4 minute read

Building Advanced RAG Applications with FalkorDB Vector Store in LangChain: A Comprehensive Guide

Retrieval Augmented Generation (RAG) has emerged as a powerful paradigm in modern AI applications, allowing language models to access external knowledge for more accurate and contextual responses. One of the key components in any RAG system is the vector store, which enables efficient semantic search across documents. In this guide, we’ll explore how to implement advanced RAG applications using FalkorDB as a vector store within the LangChain framework.

What is FalkorDB Vector Store?

FalkorDB is a graph database that provides vector indexing capabilities, making it an excellent choice for RAG applications. When integrated with LangChain, it allows developers to store embeddings and perform similarity searches efficiently. The FalkorDBVector class in LangChain’s community integrations provides a robust interface for vector storage and retrieval.
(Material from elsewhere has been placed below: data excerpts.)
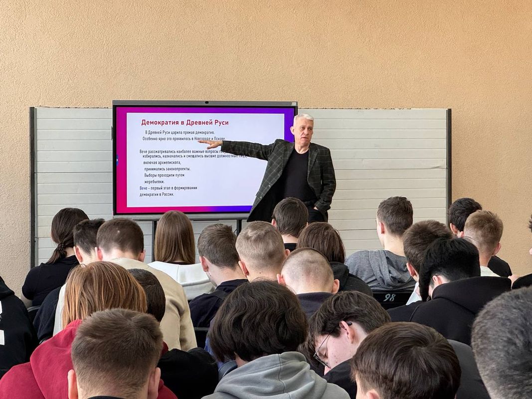 В нашем колледже прошла лекция об истории выборов в России в рамках Месячника молодого избирателя. Студенты познакомились с ключевыми этапами развития избирательного права — от вечевых собраний Древней Руси до современной избирательной системы РФ.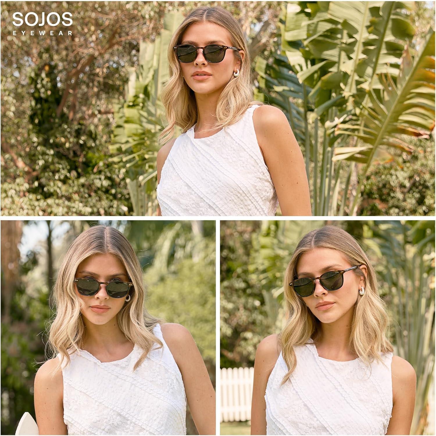 imageSOJOS Small Rounded Square Polarized Sunglasses for Women Men Vintage Style UV400 Lens SJ2637TortoiseGreen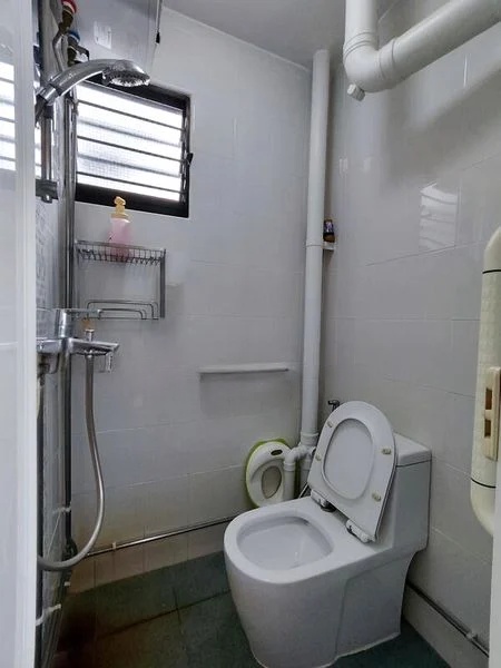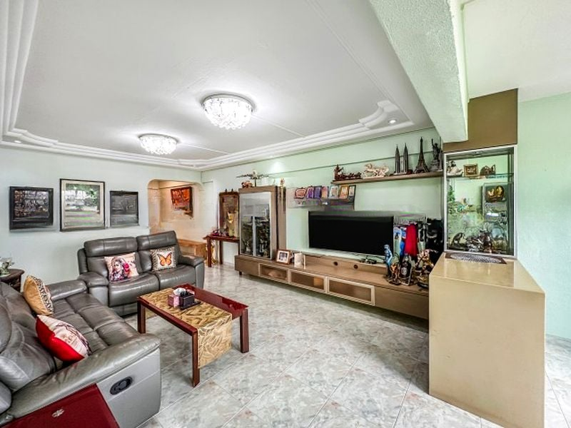 Step into a beautifully maintained HDB flat where traditional charm meets modern functionality. The spacious living area welcomes you with its tiled flooring and decorative ceiling moldings, complemented by crystal-style light fixtures that create a warm ambiance. Enjoy urban corridor views from the comfort of your leather sofa set, while built-in display cabinets add a touch of sophistication.

Setting Up FalkorDB Vector Store

To get started with FalkorDB in LangChain, you need to install the required package:

pip install falkordb langchain

Here’s a basic example of how to initialize and use FalkorDB Vector Store:

from langchain_community.vectorstores.falkordb_vector import FalkorDBVector
from langchain_community.embeddings.openai import OpenAIEmbeddings
from langchain_text_splitters import CharacterTextSplitter
from langchain_community.document_loaders import TextLoader

# Connection settings
host = "localhost"
port = 6379

# Load and split documents
raw_documents = TextLoader('data/state_of_the_union.txt').load()
text_splitter = CharacterTextSplitter(chunk_size=1000, chunk_overlap=0)
documents = text_splitter.split_documents(raw_documents)

# Initialize embeddings
embeddings = OpenAIEmbeddings()

# Create vector store
vectorstore = FalkorDBVector.from_documents(
    embedding=embeddings,
    documents=documents,
    host=host,
    port=port,
)

Configuration Options

FalkorDBVector offers numerous configuration options to tailor it to your specific use case:

Basic Connection Settings

  • host: FalkorDB host address
  • port: FalkorDB port number
  • username and password: For connecting to FalkorDB Cloud instances
  • ssl: Whether to use SSL/TLS encryption (default: False)

Data Structure Settings

  • database: Database name (optional, auto-generated if not provided)
  • node_label: Label for nodes storing embeddings (default: “Chunk”)
  • relation_type: Type of relationship for stored embeddings (default: “”)
  • embedding_node_property: Property name for storing embeddings (default: “embedding”)
  • text_node_property: Property name for storing text (default: “text”)

Search Settings

  • distance_strategy: Distance metric to use (default: “EUCLIDEAN”)
  • search_type: Search type, either VECTOR or HYBRID (default: VECTOR)
  • index_type: Vector index type to use

Advanced RAG Operations

Adding Documents

You can add documents to an existing FalkorDB vector store in several ways:

# Adding documents
ids = vectorstore.add_documents(new_documents)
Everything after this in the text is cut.